Given that CD4 T cell epitopes can bear nested CD8 T cell epitopes [18], which are key for antiviral responses, we also tested CD8 T cell responses to the RV-specific peptide pool. We could detect an increase of IFNγ-producing CD8 T cells in response to the RV peptide pool in 24 out of 30 donors (80.0%) (Figure 4b). Exclusively considering the responses in the responding subjects, the average CD8 T cell response was lower than that determined for CD4 T cells (average fold increase in % IFNγ+ CD4+ and CD8+ T cells was 6.47 and 7.38, respectively).
Together, these results reveal that the seven conserved RV-specific CD4 T cell epitopes identified in this work can activate both, RV-specific CD4 and CD8 T cells, providing a broad population coverage.

4. Discussion

Human rhinoviruses (RVs) are considered to be mild pathogens, and RV infections are often downplayed. However, RV infections are a leading cause behind severe bronchiolitis and are also linked to acute exacerbations of chronic pulmonary diseases [2]. Moreover, RV infections have a large economic impact worldwide in terms of healthcare costs and work absenteeism [36]. Thereby, there is a great interest in developing effective therapeutic and prophylactic interventions against RV. Given that RVs possess positive-sense single-stranded RNA genomes, a promising therapeutic approach will be the use of DNAzymes, consisting of antisense single-stranded DNA molecules, which specifically bind and degrade RNA target molecules through enzymatic cleavage [37,38]. However, developing a vaccine would be the most cost-effective approach to combat RV infections.
RVs are small RNA viruses (~7500 bp) belonging to the family Picornaviridae and the genus Enterovirus. RVs exhibit highly variable genomes and have been classified in three species: RV A, B, and C. RV A and C are the more relevant species in the clinic as they are responsible for more than 90% of RV infections [1,10]. RVs are known to induce potent humoral and cellular immune responses [7]. The humoral response includes IgG and IgA neutralizing antibodies directed against viral surface proteins, which can provide protective immunity to secondary infections with related strains [11]. RV-specific T cell responses are particularly relevant to contain RV infection and clear viral particles.
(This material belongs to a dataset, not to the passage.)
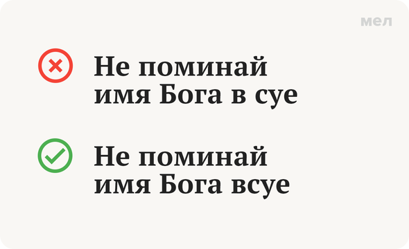 Всуе — это наречие, которое употребляется в значении напрасно, без причины, попусту. Нередко устойчивое выражение не поминай что-то/кого-то всуе выходит за рамки религиозного контекста и провоцирует ошибку в письменной речи — многим хочется разделить его на предлог и существительное. Так делать не нужно. Всуе — это одно слово, и оно всегда пишется слитно, как бы вы его ни использовали.
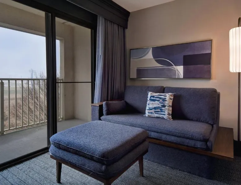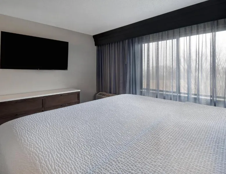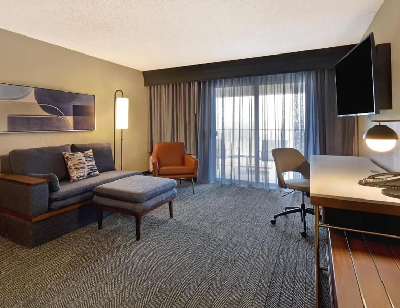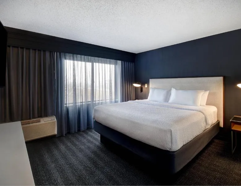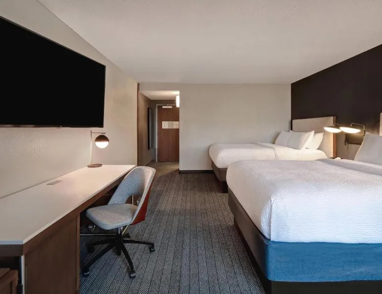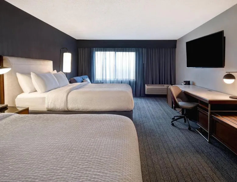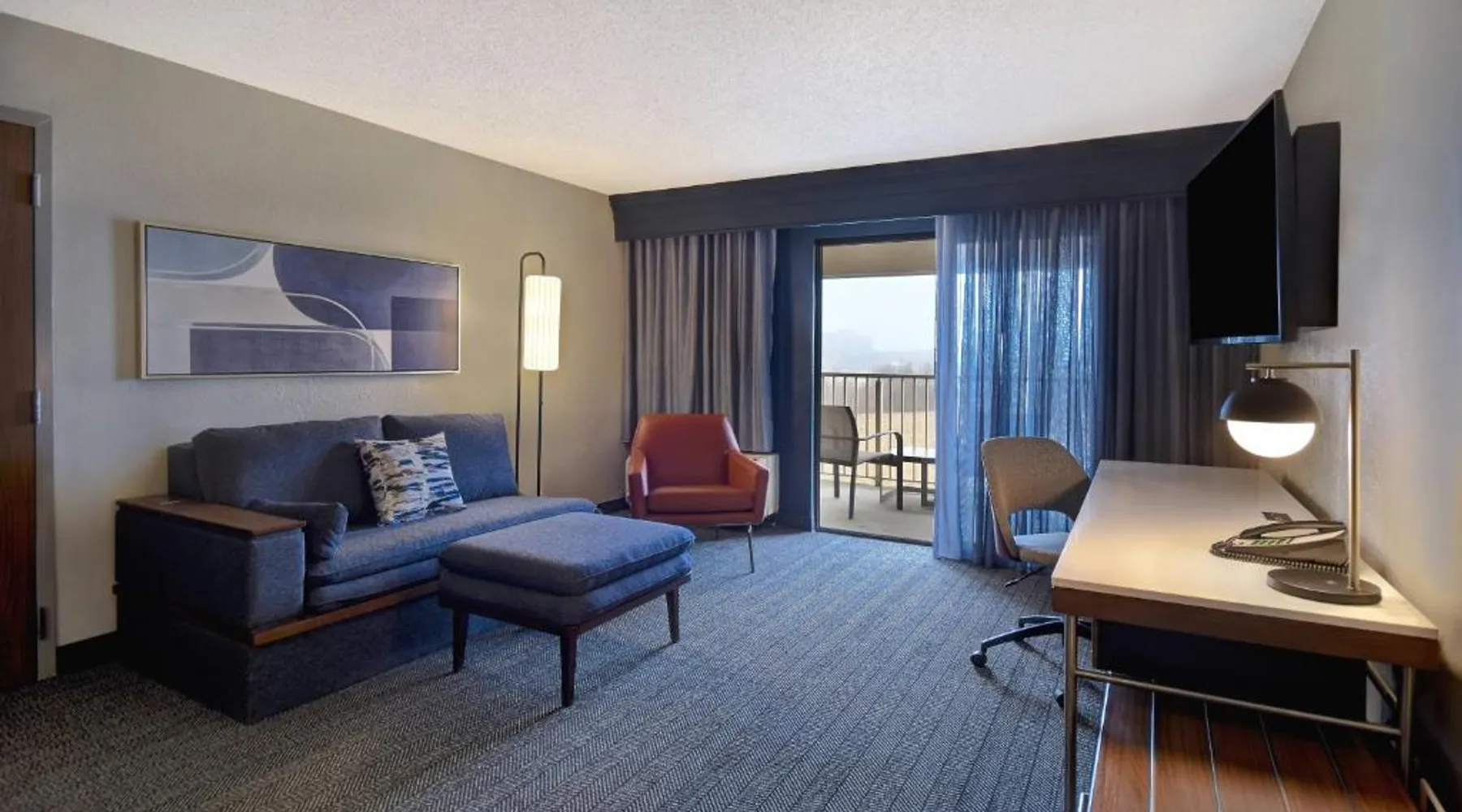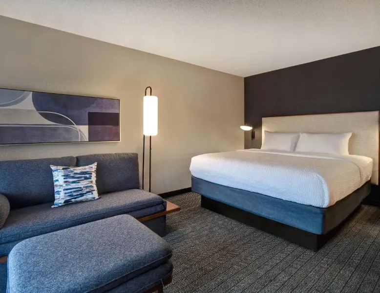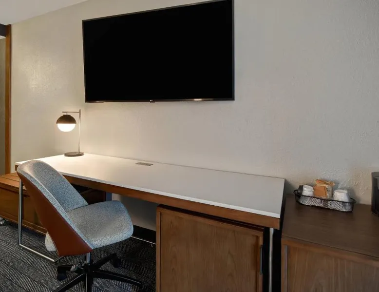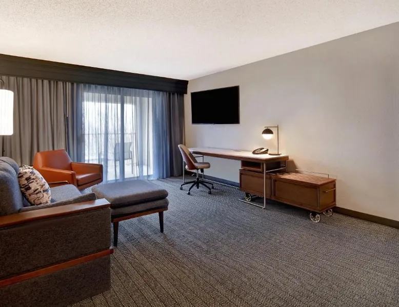 Comfortable Accommodations: Courtyard by Marriott Cincinnati Airport in Erlanger offers family rooms with air-conditioning, private bathrooms, and free WiFi. Each room includes a work desk, sofa bed, and TV. Dining and Amenities: The hotel features a restaurant serving American cuisine for dinner. Guests can relax on the sun terrace or enjoy the on-site restaurant. Additional facilities include a minimarket, picnic area, and electric vehicle charging station. Convenient Location: Located 1.2 mi from Cincinnati/Northern Kentucky International Airport, the hotel is close to attractions such as Pioneer Park (7.5 mi) and the Cincinnati Zoo (14 mi). Free on-site private parking is available. Guest Satisfaction: Highly rated for its convenient location, connectivity to the airport, and attentive staff, the hotel ensures a pleasant stay for all visitors. Featuring a seating area with a sofa bed, this room also has a flat-screen cable TV and a desk.

In healthy individuals, RV infections induce a T-helper type 1 (Th1) polarization of CD4 T cells, which contributes to activation of cytotoxic CD8 T cells capable of killing infected cells. However, in asthmatic individuals, RV infections have been shown to induce increased levels of interleukin (IL)-4 and IL-13, along with an increased infiltration of macrophages and neutrophils on the respiratory tract, which is linked to the ability of RV to enhance asthma exacerbations [39,40]. Most studies of RV immunity have focused on the characterization of antigen targets for antibodies, which have allowed to classify RVs into different serotypes; so far, more than 180 distinct RV serotypes have been identified [10]. However, the study of the targets of RV-specific T cell responses has received less attention. In fact, we recently described the first RV-specific CD8 T cell epitopes reported to date [18]. Since antigen recognition by CD4 T cells and B cells is linked, there are more known CD4 T cell antigen targets. Thus, some RV-specific CD4 T cell epitopes have been mainly identified on capsid proteins targeted also by antibody responses [15,16,17,19]. In this study, we identified novel RV-specific CD4 T cell epitopes through a computer-aided approach.
Identification of CD4 T cell epitopes generally begins with the selection of peptides suitable for presentation by HLA II molecules [41]. However, HLA II molecules are extremely polymorphic, and allelic variants bind and present distinct sets of peptides [42]. Thus, we targeted RV for peptide binding predictions to 20 HLA-DR and 20 HLA-DQ molecules, which have a combined phenotypic frequency of 99.80% in the world population [28]. We selected 14 peptides for experimental scrutiny after HLA II binding predictions (Table 1). In the end, we could validate trough IFNγ-ELISPOT assays (Figure 1) and intracellular cytokine staining (Figure 2) three RV A-specific and four RV C-specific CD4 T cell epitopes mapping in various proteins of the capsid and in non-structural proteins (Summarized in Table 2). These CD4 T cell epitopes are highly conserved, can bind to various HLA II molecules (Figure 3), and none of them have been previously reported. All three RV A-specific epitopes (RVA57–74, RVA89–106, and RVA97–114) are located on the internal capsid protein VP4. VP4 is located on the amino terminal extreme of the RV polyprotein, and this location has been shown to favor antigen processing and presentation to T cells [29]. Of the four RV C-specific epitopes, one (RVC258–274) is located in VP2 capsid protein. The other three RV C-specific epitopes (RVC1582–1592, RVC1791–1806, and RVC1835–1847) are distributed on viral proteins 3A and 3D, which are both implicated in the replication and assembly of the viral genome [8]. To our knowledge, these are the first CD4 T cell epitopes identified in these RV proteins.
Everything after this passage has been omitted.